TASK REQUIREMENTS
Copy out exactly the lines spanning the line with "選べる4色 グラデーション シフォンベ" to the line with "外側は黒毛で内側が白いマダラ", inclusive, from the data underneath, with no pictures.

[Stored data]
>>>
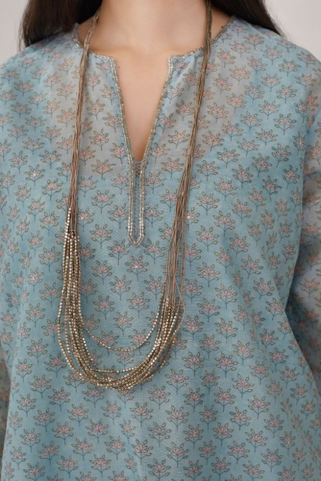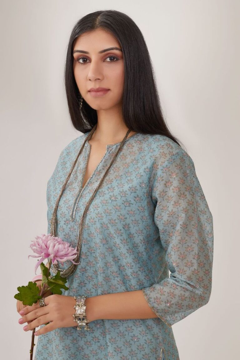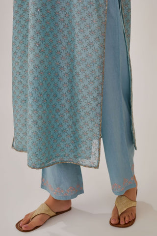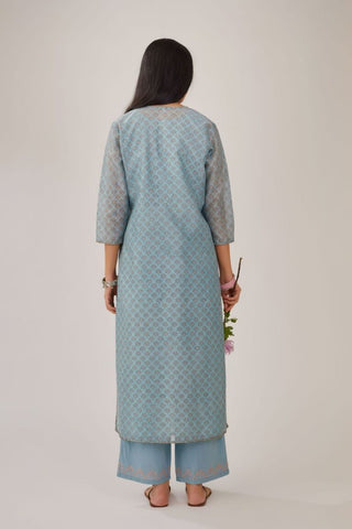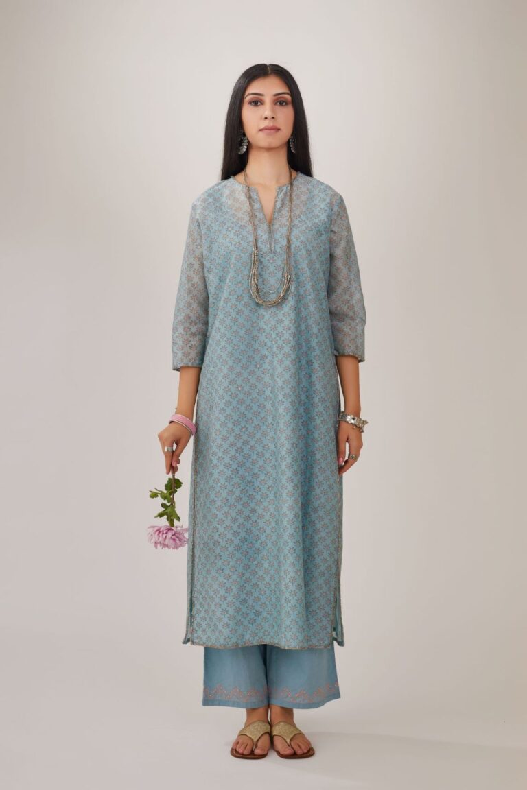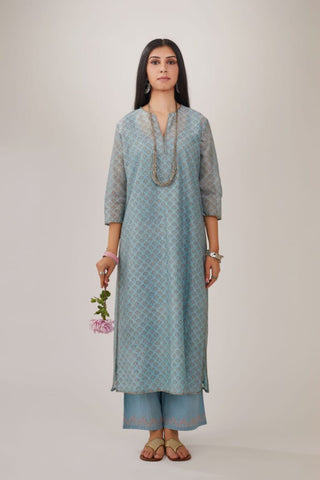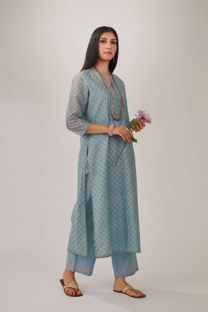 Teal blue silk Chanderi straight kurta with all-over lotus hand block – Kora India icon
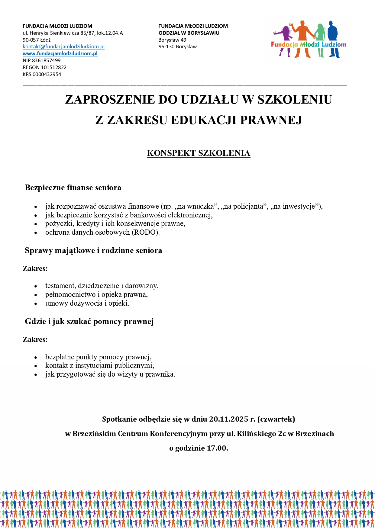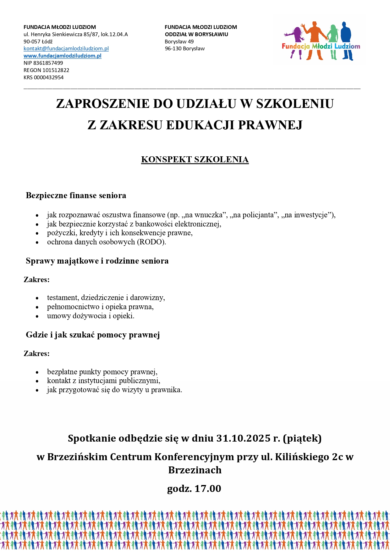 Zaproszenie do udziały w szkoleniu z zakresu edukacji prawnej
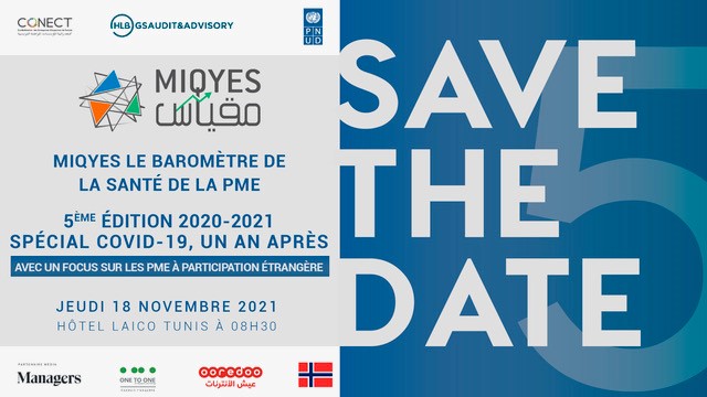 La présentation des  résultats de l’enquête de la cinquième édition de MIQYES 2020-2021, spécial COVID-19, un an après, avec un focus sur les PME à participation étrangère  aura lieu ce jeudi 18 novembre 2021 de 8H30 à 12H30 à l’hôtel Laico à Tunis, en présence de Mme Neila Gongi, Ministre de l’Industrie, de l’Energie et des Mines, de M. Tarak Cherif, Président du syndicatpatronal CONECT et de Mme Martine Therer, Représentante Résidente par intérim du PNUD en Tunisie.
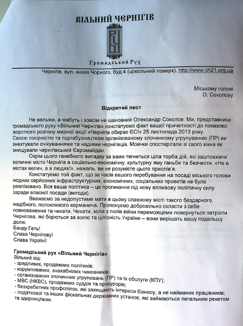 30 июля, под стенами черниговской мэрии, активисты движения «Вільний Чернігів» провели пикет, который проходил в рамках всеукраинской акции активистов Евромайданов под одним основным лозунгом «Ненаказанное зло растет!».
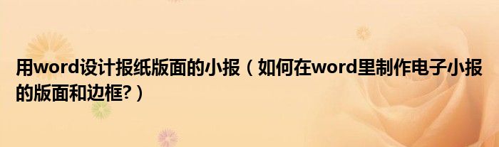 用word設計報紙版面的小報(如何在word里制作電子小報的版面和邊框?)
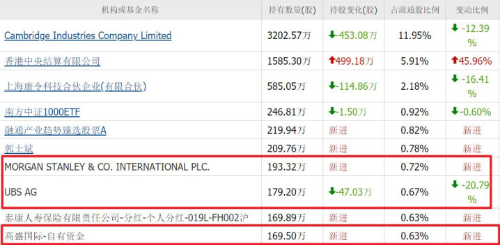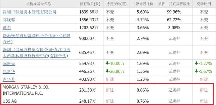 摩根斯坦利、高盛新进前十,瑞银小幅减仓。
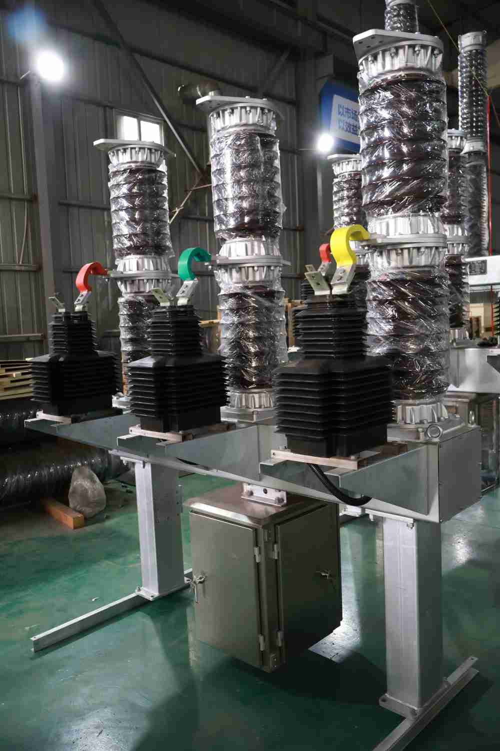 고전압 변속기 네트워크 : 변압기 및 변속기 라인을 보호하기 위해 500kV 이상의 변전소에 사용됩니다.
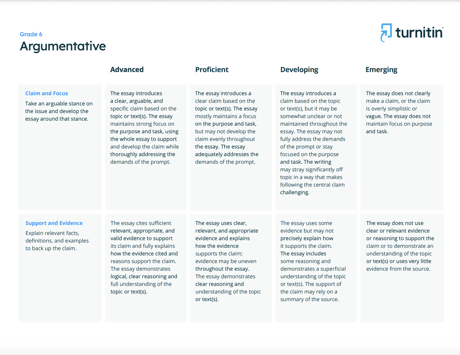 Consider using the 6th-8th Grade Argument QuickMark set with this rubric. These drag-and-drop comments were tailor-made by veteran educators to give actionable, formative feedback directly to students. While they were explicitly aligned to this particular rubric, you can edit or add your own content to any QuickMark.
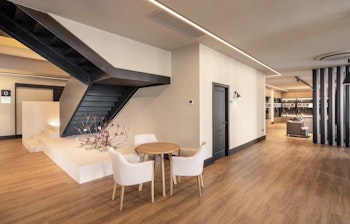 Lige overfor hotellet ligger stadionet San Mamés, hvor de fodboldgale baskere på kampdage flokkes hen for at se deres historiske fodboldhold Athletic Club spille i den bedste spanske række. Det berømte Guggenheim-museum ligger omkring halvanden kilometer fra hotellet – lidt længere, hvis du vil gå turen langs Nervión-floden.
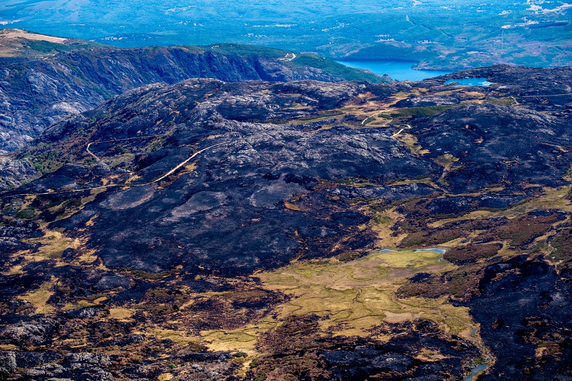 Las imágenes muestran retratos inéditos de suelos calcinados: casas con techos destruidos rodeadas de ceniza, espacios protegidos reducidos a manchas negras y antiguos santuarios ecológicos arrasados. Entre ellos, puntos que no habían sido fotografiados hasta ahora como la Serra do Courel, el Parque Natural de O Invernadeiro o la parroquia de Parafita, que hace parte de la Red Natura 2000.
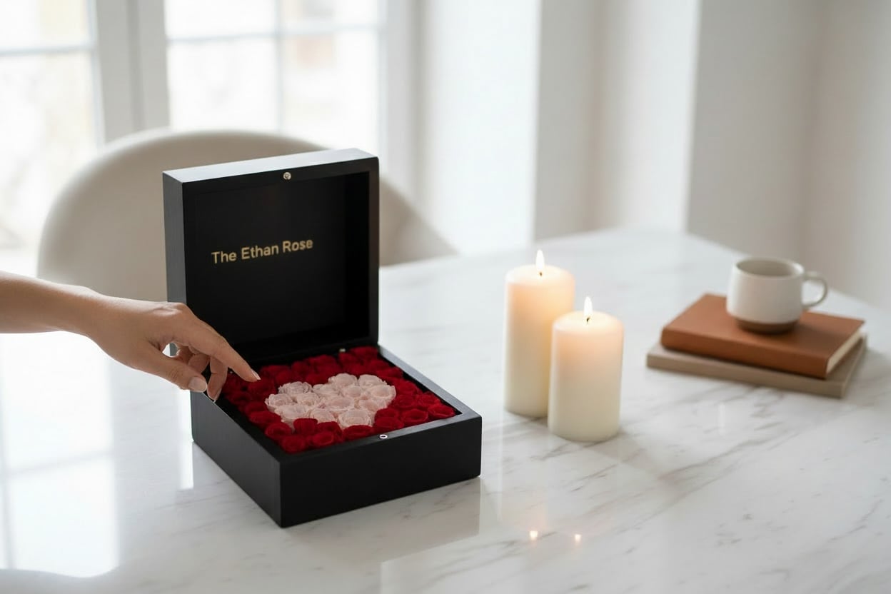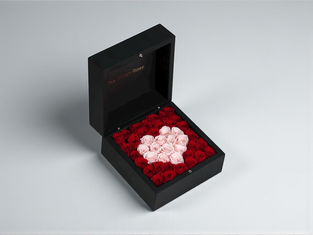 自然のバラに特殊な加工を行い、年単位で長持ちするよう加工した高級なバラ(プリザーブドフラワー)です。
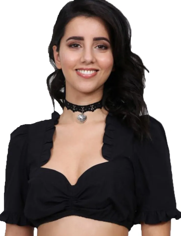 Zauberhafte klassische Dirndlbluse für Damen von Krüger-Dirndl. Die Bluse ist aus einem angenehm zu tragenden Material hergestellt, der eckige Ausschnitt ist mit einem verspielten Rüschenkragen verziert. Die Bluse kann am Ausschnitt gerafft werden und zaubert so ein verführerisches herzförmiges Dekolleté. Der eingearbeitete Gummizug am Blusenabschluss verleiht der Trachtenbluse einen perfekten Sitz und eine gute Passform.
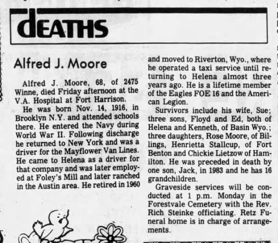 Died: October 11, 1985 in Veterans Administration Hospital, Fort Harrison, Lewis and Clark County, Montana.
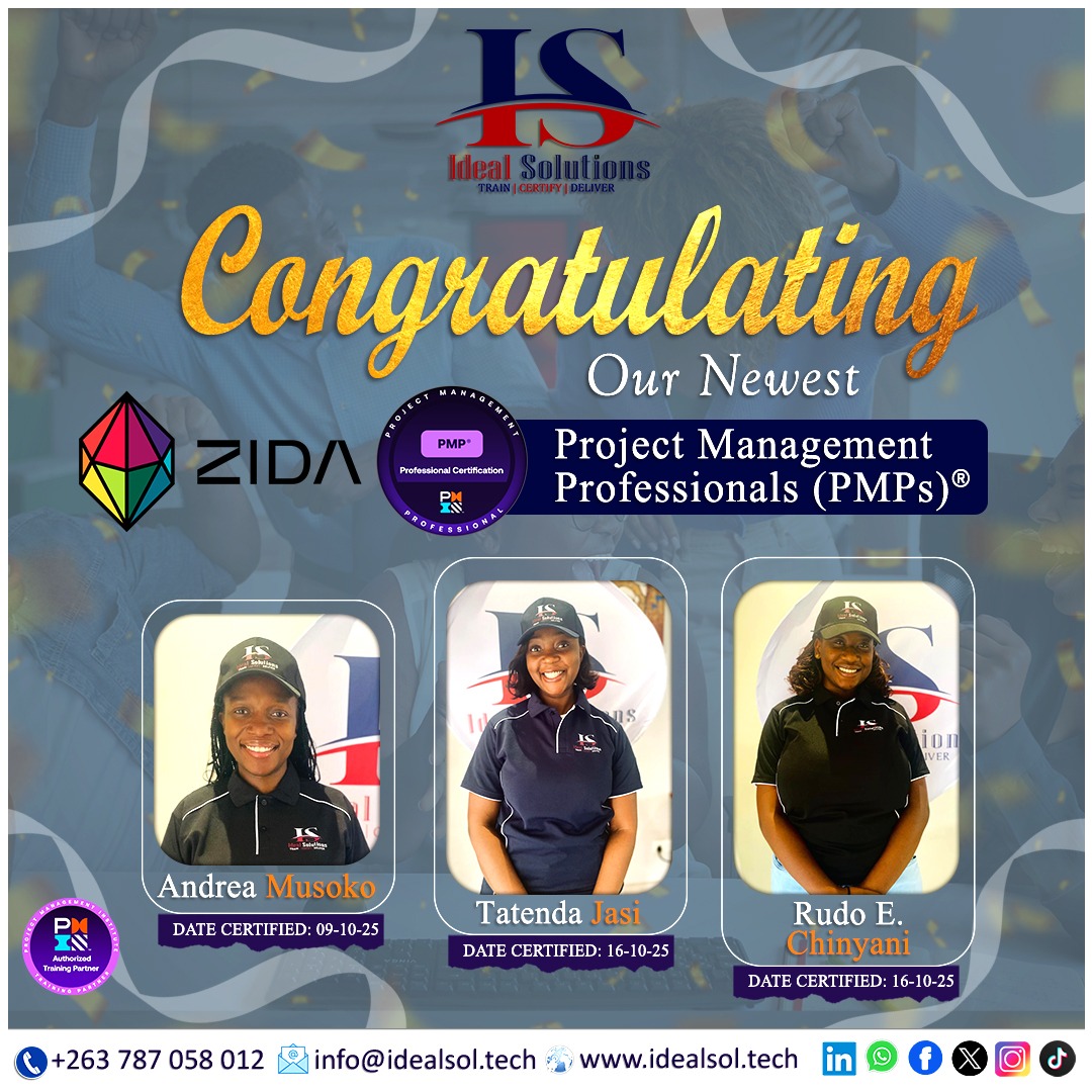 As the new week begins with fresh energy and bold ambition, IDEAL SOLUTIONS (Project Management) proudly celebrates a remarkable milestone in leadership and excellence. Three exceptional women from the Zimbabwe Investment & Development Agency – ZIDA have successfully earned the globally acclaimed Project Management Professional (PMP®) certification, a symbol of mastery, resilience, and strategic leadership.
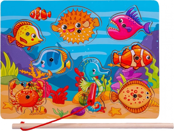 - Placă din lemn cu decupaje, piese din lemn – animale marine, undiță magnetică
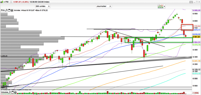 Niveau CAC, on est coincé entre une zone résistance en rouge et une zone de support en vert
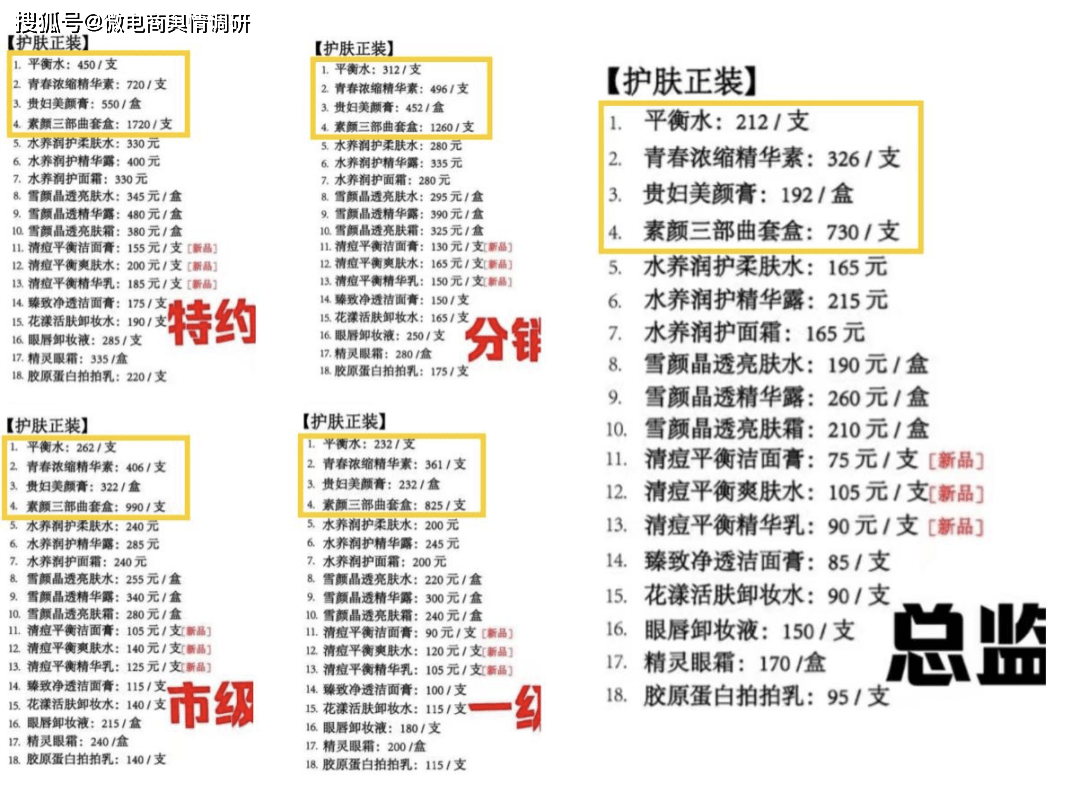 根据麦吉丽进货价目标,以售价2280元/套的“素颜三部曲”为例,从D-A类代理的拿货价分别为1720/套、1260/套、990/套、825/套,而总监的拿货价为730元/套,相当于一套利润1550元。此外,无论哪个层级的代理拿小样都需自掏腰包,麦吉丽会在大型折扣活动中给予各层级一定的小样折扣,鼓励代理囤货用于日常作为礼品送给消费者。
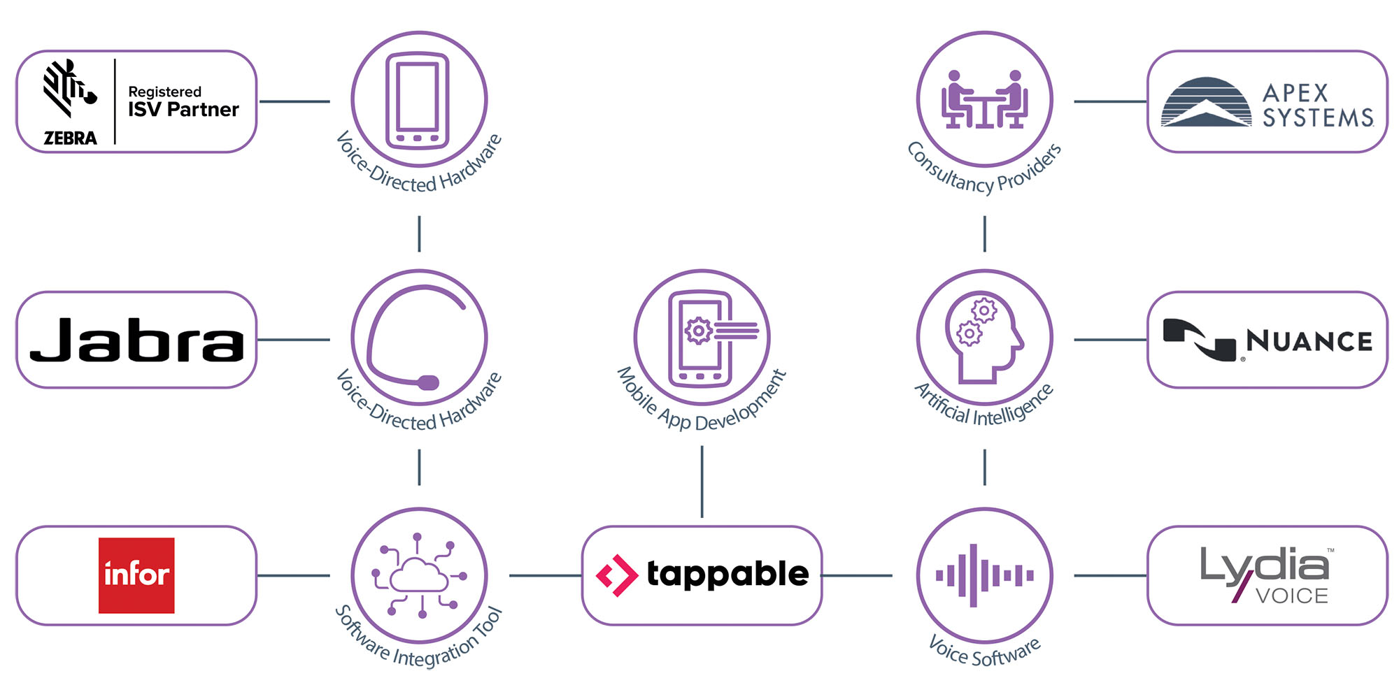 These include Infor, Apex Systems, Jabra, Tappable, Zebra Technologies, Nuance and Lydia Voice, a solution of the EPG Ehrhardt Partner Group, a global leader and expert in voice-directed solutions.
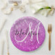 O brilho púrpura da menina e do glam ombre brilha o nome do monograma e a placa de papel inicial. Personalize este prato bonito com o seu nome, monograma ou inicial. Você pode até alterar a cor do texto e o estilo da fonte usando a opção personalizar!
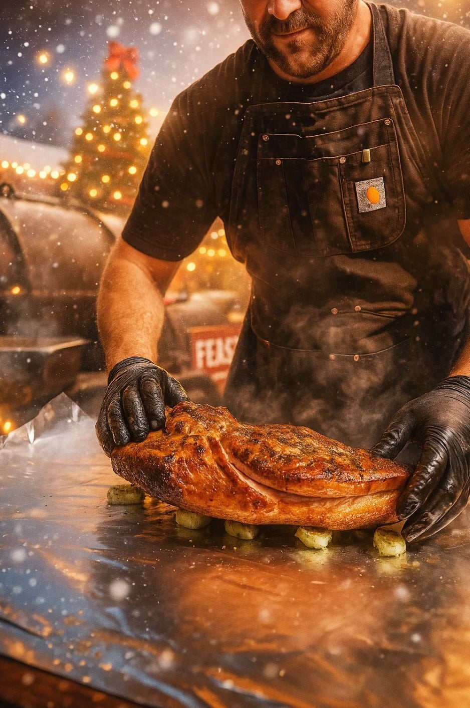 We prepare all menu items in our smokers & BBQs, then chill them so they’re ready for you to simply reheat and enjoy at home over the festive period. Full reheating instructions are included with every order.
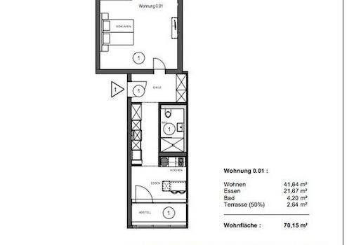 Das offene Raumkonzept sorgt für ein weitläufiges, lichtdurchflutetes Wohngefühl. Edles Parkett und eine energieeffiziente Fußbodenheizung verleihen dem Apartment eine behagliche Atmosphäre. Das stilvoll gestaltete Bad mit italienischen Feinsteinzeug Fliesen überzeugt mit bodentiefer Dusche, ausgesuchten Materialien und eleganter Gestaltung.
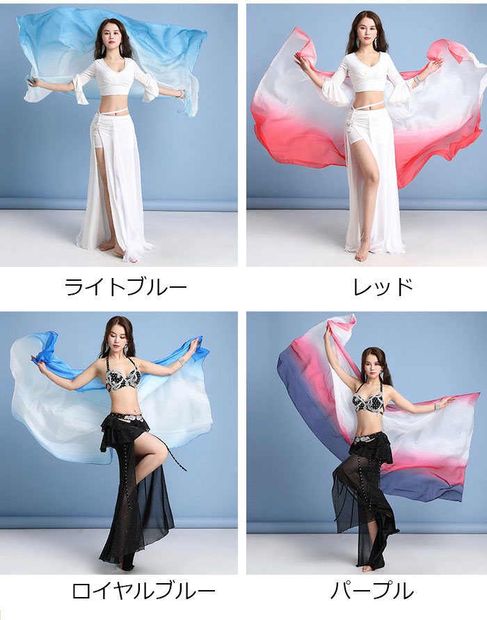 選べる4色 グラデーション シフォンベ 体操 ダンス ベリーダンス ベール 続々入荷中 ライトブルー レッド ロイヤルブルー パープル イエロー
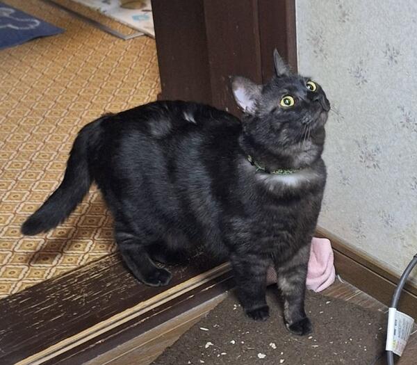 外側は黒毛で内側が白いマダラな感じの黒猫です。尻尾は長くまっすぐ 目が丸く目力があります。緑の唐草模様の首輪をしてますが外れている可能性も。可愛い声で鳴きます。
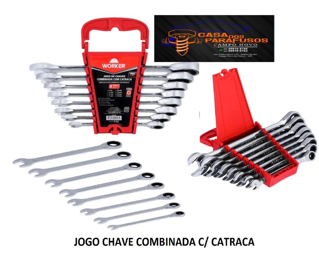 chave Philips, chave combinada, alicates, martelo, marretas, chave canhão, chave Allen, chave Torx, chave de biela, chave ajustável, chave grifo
<<<
TASK OUTPUT
 選べる4色 グラデーション シフォンベ 体操 ダンス ベリーダンス ベール 続々入荷中 ライトブルー レッド ロイヤルブルー パープル イエロー
 外側は黒毛で内側が白いマダラな感じの黒猫です。尻尾は長くまっすぐ 目が丸く目力があります。緑の唐草模様の首輪をしてますが外れている可能性も。可愛い声で鳴きます。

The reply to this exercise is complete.